Lack of commercial support -- the kind Jon is offering --
is one of the impediments to industry taking Ocaml seriously.
    


Don't you think the worst problem for the industry is the lack of 
retro-compatibility ? 

Between 3.09 and 3.10 (a *minor* version number change), a lot of program 
using camlp4 stopped compiling. If a company has a 100 000 lines code (or 
more) to revise just for that, it could be kind of a problem.

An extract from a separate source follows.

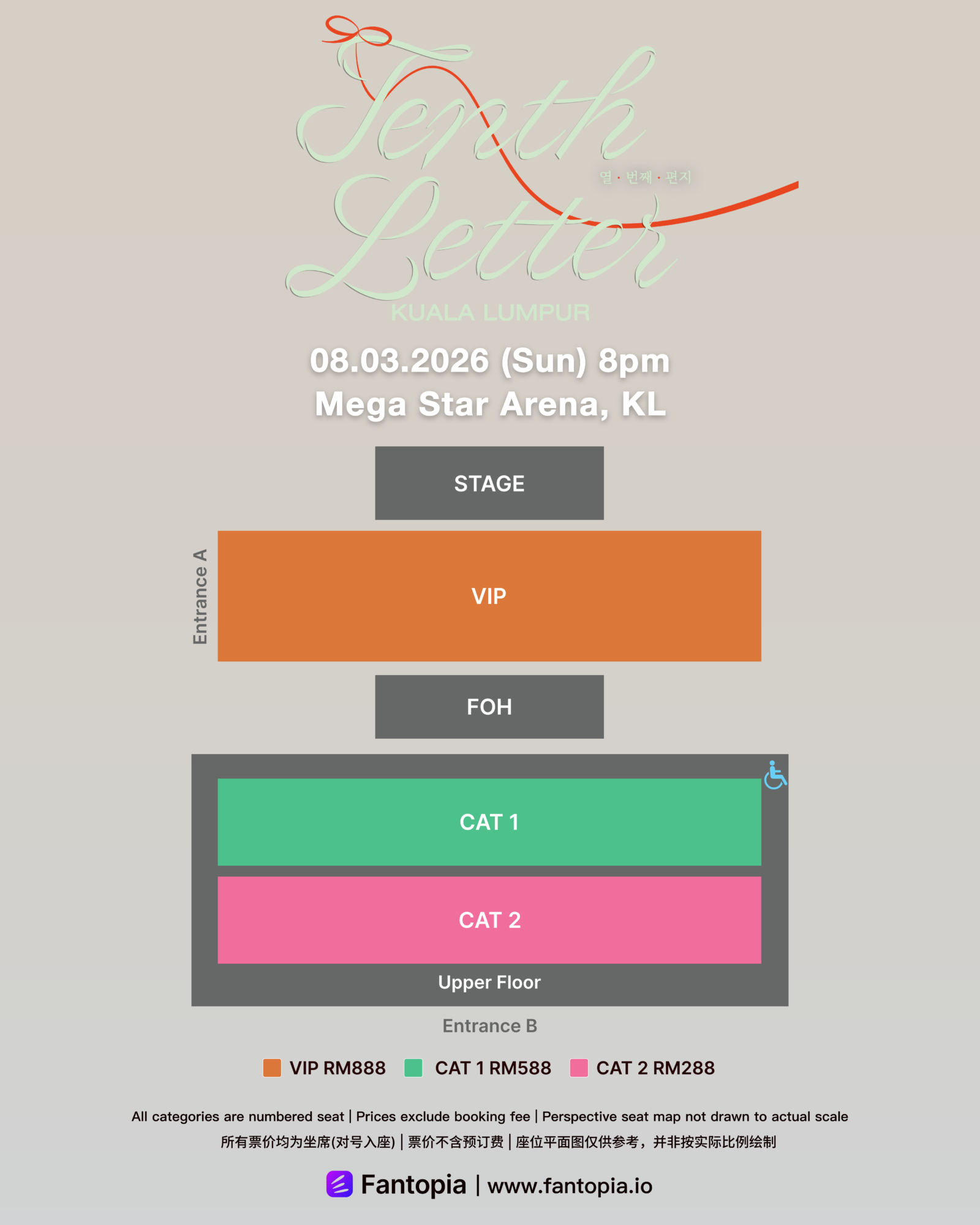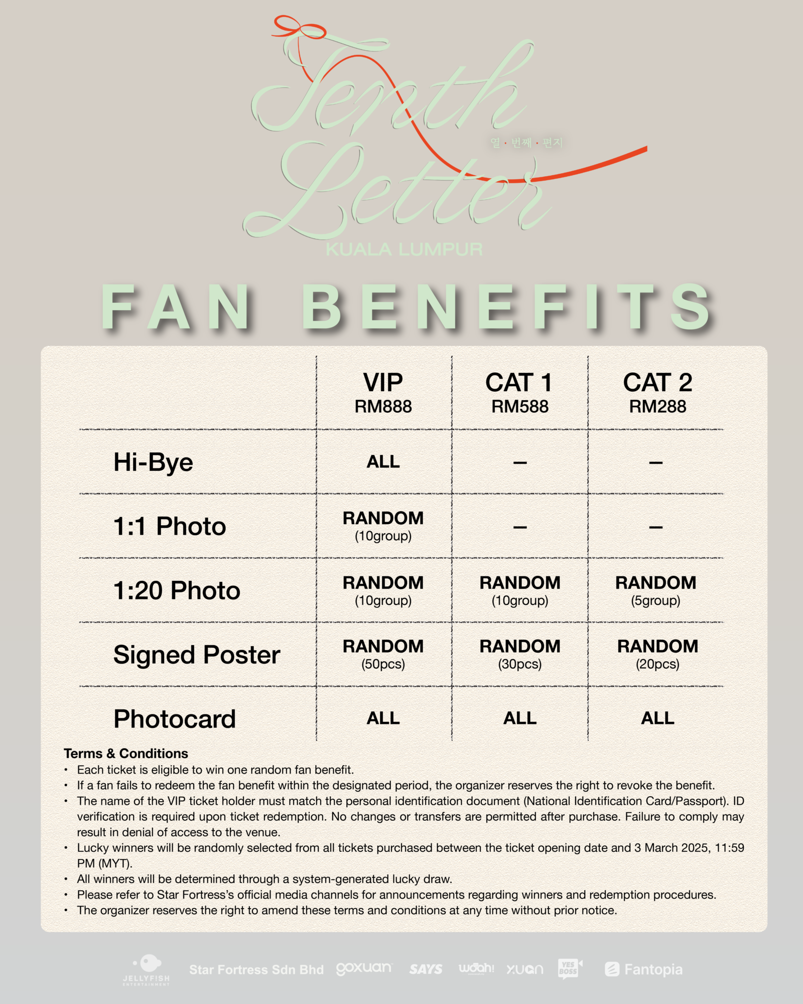 票价分为RM888(VIP)、RM588(CAT 1)以及RM288(CAT 2),所有门票均可参与粉丝福利抽选,有机会获得Hi-Bye问候、1:1 合照、1:20合照、签名海报或限定Photocard等不同福利。粉丝福利将以随机⽅式抽出,每张门票仅会享有对应⼀项福利。

And so many things are just unspecified. I know it's a bad idea, whatever 
language you use, to rely on the order of evaluation of the argument of a 
function, but to say "this order may change one day" is to tell 
industrialists : "if you have some "not so good" programmers, even if you 
make all the test you want on your program to check it works, one day it may 
just stop working because we changed the order or evaluation, or worst, a lot 
of silent bugs can appear". 
  
Which explains why industry is so wary of languages like Java and C++, and refuses to adopt them.

Oh, wait.

Seriously, you can protect against a "not so good" programmer.  Java tried, they really tried.  But you can't have decent performance and absolute reproducability- as Java discovered with floating point numbers and memory behavior in a multi-threaded program, among other problems.  Witness all the rants about Java's "Write once, debug everywhere" problems.

One thing I really like about Ocaml is that if order of evaluation is important, it gives me a way to enforce a specific ordering.  And it's not even an obscure part of the language (let/in definitions).